Roberti mise in piedi subito a caldo un interrogatorio, ma dall’uomo non venne fuori una sola parola: si seppe soltanto, leggendo i documenti che aveva con sé, che si chiamava Gino G. , aveva trentacinque anni e risiedeva a Pordenone. “Chi ti ha mandato? – insisteva Roberti – chi ti ha dato questo incarico? se parli i giudici saranno clementi con te. Stare zitto è contro il tuo interesse. Niente! vedremo se dopo qualche giorno in cella ti si scioglierà la lingua”. “Ragazzi – disse Roberti rivolgendosi ai suoi – chiedete un po’ alla Questura di Pordenone se conoscono questo tipo. Ah ragazzi, complimenti naturalmente”.
Prese il telefono e chiamò Delia: “L’uomo è in trappola – le disse Roberti – grazie soprattutto a sua sorella; vuol fare un salto qui per vedere se la sua faccia le è nota?” “Arrivo subito” rispose Delia. Giunta alla stazione di polizia le raccontarono i particolari della cattura. Poi Roberti accompagnatala nella cella di Gino, le chiese: “Riesce a dirci se ha mai visto quest’uomo?” Delia si avvicinò a lui e, sforzandosi di guardare nell’ambiente poco illuminato, non poté trattenere la sorpresa: “Accidenti a me – esclamò – ma questo…. questo è uno dei miei carcerieri sull’isola, quello che mi ha rapita a La Spezia….. l’uomo dal viso cicciotto”. Si soffermò ad osservarlo più attentamente di quanto avesse mai potuto fare, cercando di penetrare con la vista l’oscurità della stanza: non s’era mai accorta che quell’uomo era così basso di statura, sì e no un metro e cinquanta; non era grasso, solo il viso era molto paffuto, aveva il tronco di misura normale e le gambe sproporzionatamente corte; peraltro aveva mani molto grandi rispetto al corpo.
Con una telefonata al penitenziario di Livorno, si seppe che un detenuto accusato di sequestro di persona e riduzione in schiavitù avente le stesse caratteristiche fisiche era evaso una settimana prima. Non coincidevano i dati anagrafici. “Ma questa è la cosa meno importante – disse il capitano Roberti – qualcuno gli avrà sicuramente fornito documenti falsi”. Successivi interrogatori ebbero un risultato identico al primo: anche alla domanda se riconoscesse Delia, Gino non rispose.
“Forse – suggerì Delia - può essere utile sentire Fiorella, che dovrebbe essere in carcere a Livorno: può darsi che sia informata sui giri frequentati da questo bel tipo”. Al capitano Roberti piacque l’idea e andò personalmente nella città toscana per raccogliere la deposizione di Fiorella.
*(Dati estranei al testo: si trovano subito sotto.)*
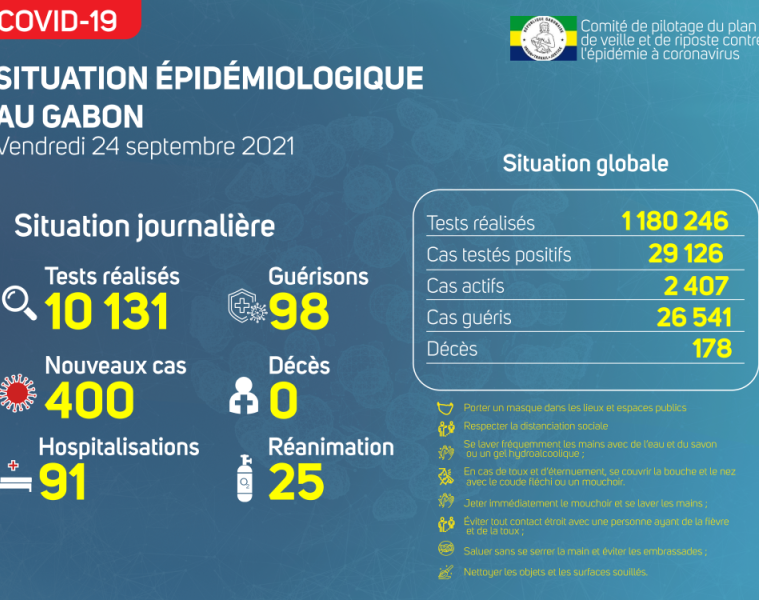 Gabon Matin vous livre le point journalier du Comité de pilotage du plan de veille et de riposte contre l’épidémie à Coronavirus au Gabon du 24 septembre 2021.
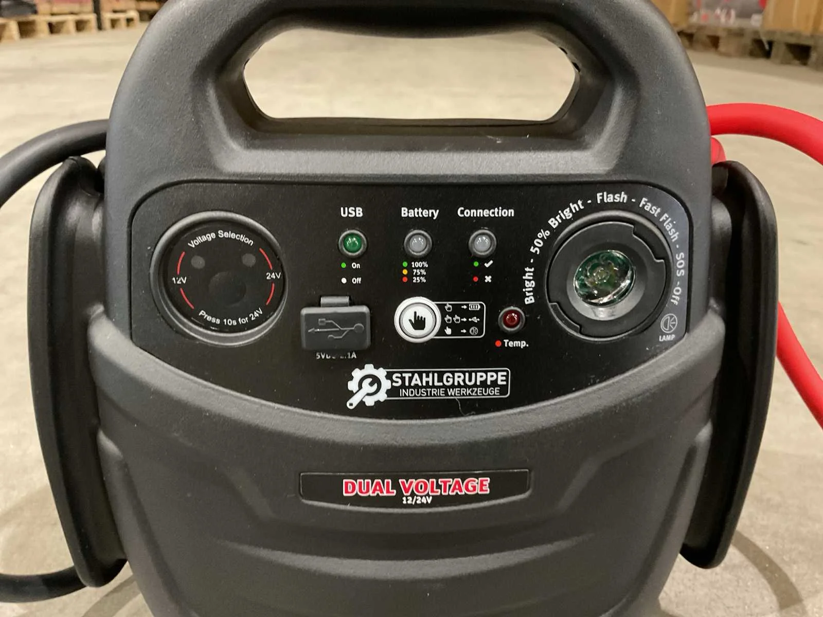 Voorzien van USB lader; led werklamp; 12V 600A/1200A; 24V 400A/900A; ongebruikt in doos Merk: Stahlgruppe Type: 1200A Bouwjaar: 2025 Laadstroom: 1200A Aansluiting: 230V Totale afmeting L: 130mm Totale afmeting Breedte: 250mm Totale afmeting Hoogte: 250mm

Era l’ora d’aria, lei stava prendendo il sole con due dita di cipria sulla faccia nel cortile del carcere, teneva la solita veste rosa sbottonata sul petto, scoprendosi un monumentale reggiseno: accanto a sé aveva tre donne preoccupate che nessuno la disturbasse, le offrivano sigarette e fazzoletti per tergersi dopo i frequenti colpi di tosse, ci volle tutto l’impegno della agente di polizia carceraria perché desistessero dall’impedire che la portassero in parlatorio; l’incedere di Fiorella era sempre più difficoltoso, le sue gambe sembravano tronchi d’albero, ma si rifiutava di farsi visitare in infermeria, strascicava i piedi e aveva le suole delle tipo-Adidas quasi completamente consumate, tanto che da una fuoriusciva l’alluce, e il calcagno dall’altra. Roberti le parlò dell’uomo dal volto grassoccio. “Chi? – sbraitò la donna – quel mentecatto? E’ riuscito a far scappare Delia insieme a quel bastardo di Fred e adesso che è evaso si è subito fatto prendere! non so il suo nome, io lo chiamavo Pucci; raccontava di avere degli amici, ma non li conosco, gente altolocata, diceva; vedete un po’ se qualcuno si fa vivo per tirarlo fuori: devo insegnarvi io il vostro mestiere? ma ditegli che se lo riportano qui gli facciamo una bella festa di ben tornato, e gli offriamo un pranzo di gala…. basta, non fatemi parlare più – soggiunse ansimante e con la voce sgranata - altrimenti mi prende una tosse da crepare….” fece un gesto alla guardia per dire che voleva essere riaccompagnata in cella, si accese una Camel, e sottovoce, tra sé e sé, mormorò: “meglio le Marlboro”. Roberti disse di portarla pure via.